Two friends were walking in a forest. They started to fight.

A cannibal came and shouted, "Food fight!"

WAIT! I remember how the joke goes! These two cannibals are hanging out eating lunch, which is a clown, you see, 'cause they're cannibals and one cannibal says to the other cannibal, "Does this taste funny to you?"

A colon can completely change the meaning of a sentence.

Jane ate her friend’s sandwich.

Jane ate her friend’s colon.

How do you know when you are dating a cannibal?

You go to the beach, he offers to put suntan oil on you, and the brand name is Wesson.

You are having sex and he says he wants to eat your a$$ and you notice he is holding a knife and fork.

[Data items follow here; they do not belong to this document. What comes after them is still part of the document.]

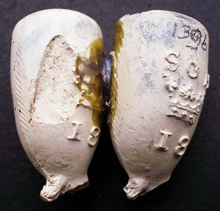 Sijmen Groenhouwer was a pipe maker in Gorinchem and was active from 1784 to 1820. The marks he used were Wapen van Arkel (Coat of Arms of Arkel), 18 crowned, and Fish crowned, with the addition of the initials SGH. He also used SGH as a heel mark.
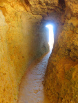 Während der Bootsfahrt werden wir auch erst aufmerksam gemacht auf die Felsformationen von Algar Seco, also steuern wir das anschließend noch kurz mit dem Auto an. Das ist ein Gebiet an der Küste, das man prima zu Fuß begehen kann. In den Sandstein geschlagene Tunnel und Treppchen bieten immer neue Wege, die eindrucksvolle Natur zu beobachten. Auch wenn hier und da natürlich Trittsicherheit vonnöten ist.
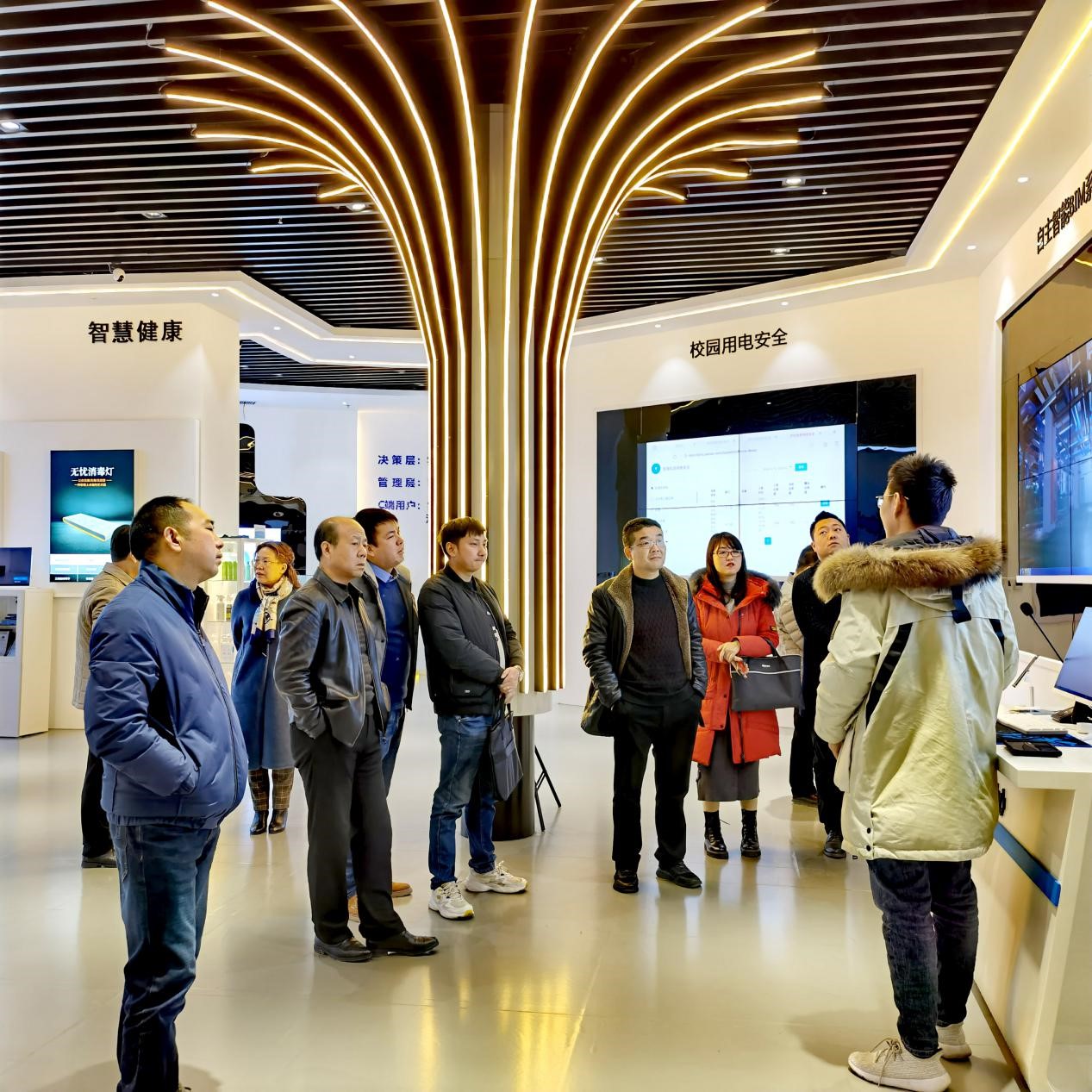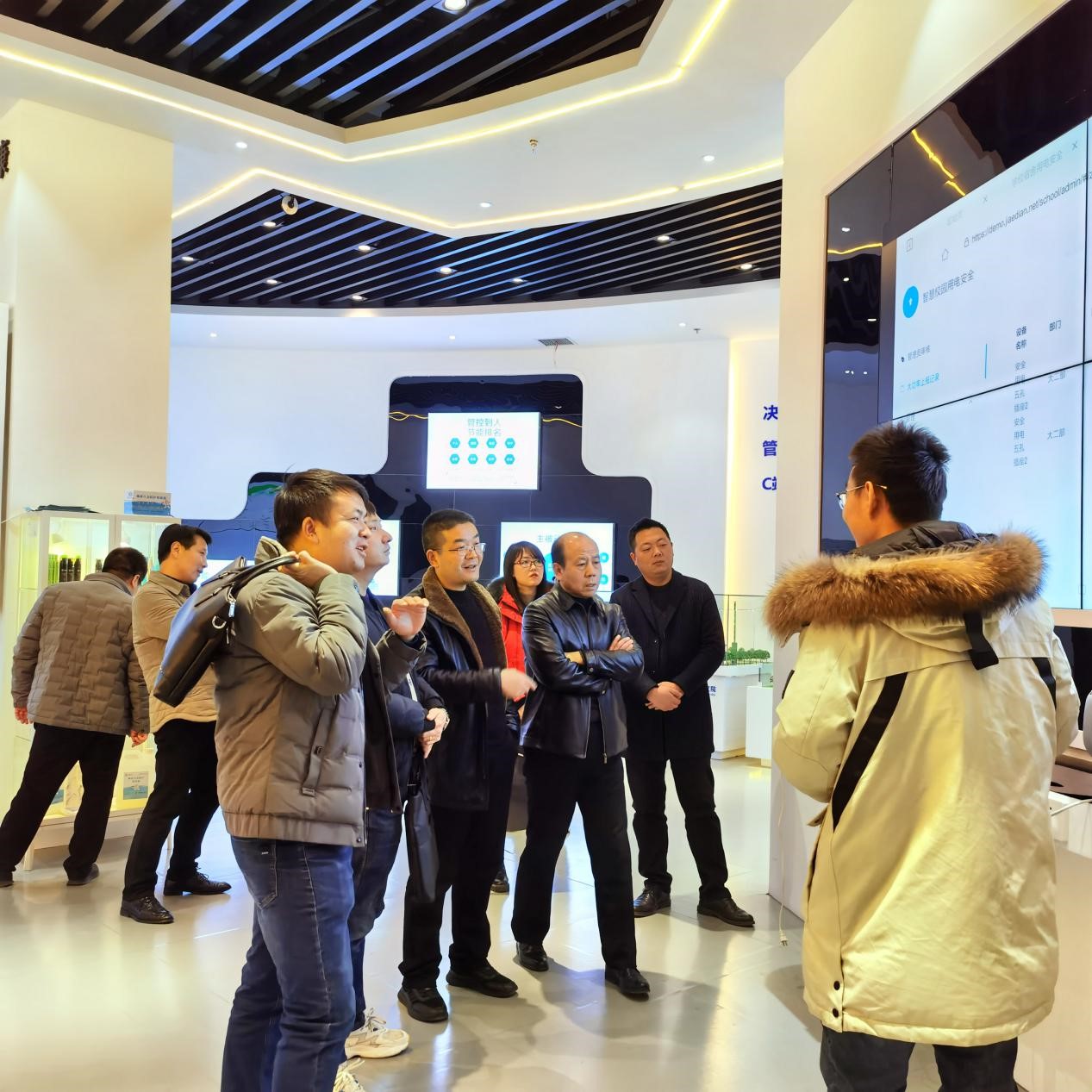 到访领导全面了解我院建设及发展现状,科研团队取得的技术成果,产业转化涉及的领域等情况后,重点对能源综合管控系统、智慧校园及教室系统、智慧酒店系统等进行详细了解,特别是物联网节能管控技术的功能、适用范围、节能效果及综合收益等,同时对我院自主开发的物联网系列技术给予称赞。

He invites you to his home to use the hot tub and it is heated by a wood fire.

You are having an argument and you say "bite me" and he starts to sharpen his teeth.

This is not even a joke, it's a serious question... Is eating ass considered cannibalism?

What's the difference between a child and a carrot? About 140 calories.

Remember what one of my gay friends told me: it's only cannibalism if you swallow.

Am I considered a cannibal because I told my mom that Grandma's ashes were sugar?

The cannibal says to the other cannibal, "I like it when humans fall from the sky because then they are meateor."